# brown algae



## kross (Jul 4, 2011)

I want to know how yo get rid of the brown algae in my 20 gallon long tank. I was told its normal, but how do I prevent the ugly stuff.


----------



## Fearmancer (Apr 24, 2011)

If its a new tank just wait. It will die off as your tank matures. Try feeding a little less in the mean time.


----------



## NeonShark666 (Dec 13, 2010)

Brown Algae in a SW tank is usually Diatoms. This is caused by too much light and/or too many nutrients (Phosphate, Nitrate, and Silicon). Reduce your light duration by 50% and make 20-30% water changes with clean, nutrient free water. Make these water changes every 5-7 days and see what happens. Keep lots of aeriation and filtration going to avoid Algae die off killing your fish. Test your tap water to see if it has nutrients in it. This is very common in the USA if you have Agricultural or Urban areas upstrem of you water source.


----------



## Copachick (Jun 7, 2011)

Try purchasing some Otos. We were told when we had our huge brown algae outbreak that they are one of the best to keep it under control. We did alot to keep it from spreading but it didnt work, and let me tell you those little guys do a great job. Also, try keeping your lights off longer. Algae likes alot of light. Not sure how long you keep your lights on, but We use to do 12 hours on,and 12 off.

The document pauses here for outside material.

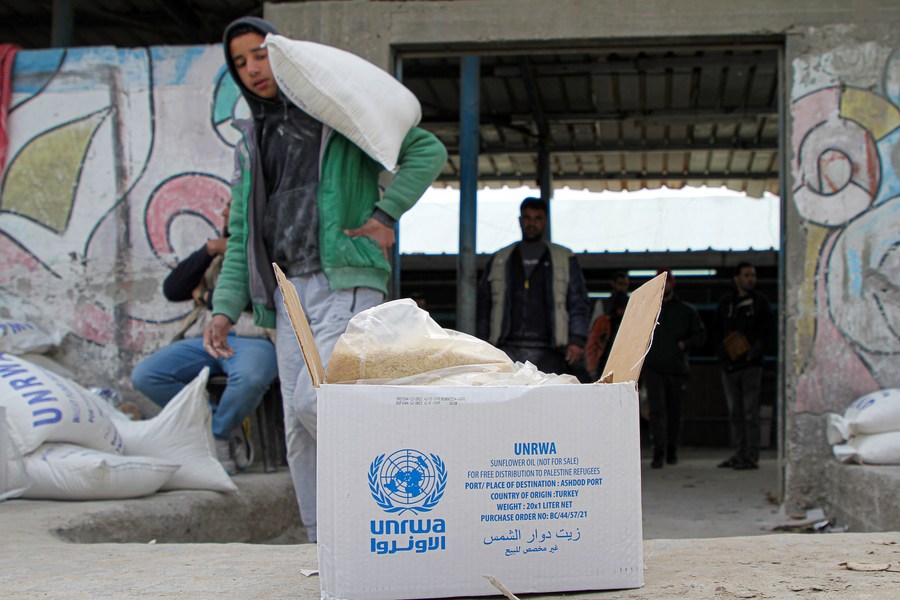A refugee receives food from a distribution center of the United Nations Relief and Works Agency for Palestine Refugees in the Near East (UNRWA) at the Al-Shati refugee camp in Gaza City, March 20, 2022. (Photo by Rizek Abdeljawad/Xinhua)
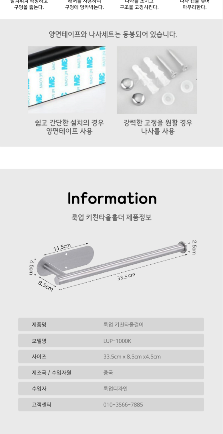 | 품명 및 모델명 | 룩업 키친타월 걸이 | 인증/허가 사항 | 해당사항없음 |

Now we dont turn them on until we get home from work in the evening when its dinner time. then we turn them off before we go to bed. As long as there is some ambient light in the room they dont really care if their light is on. Its more for our enjoyment then theirs


----------



## NoMoreToys (Mar 21, 2011)

Ditto on the Ottos. Wipes out my brown problems. Got two in a 30g.


----------



## Sweetgreenleaf1369 (Jun 24, 2011)

I was told earlier algae is like a plant that needs light and nutrition to grow. cut back on these and you should see it go away....


----------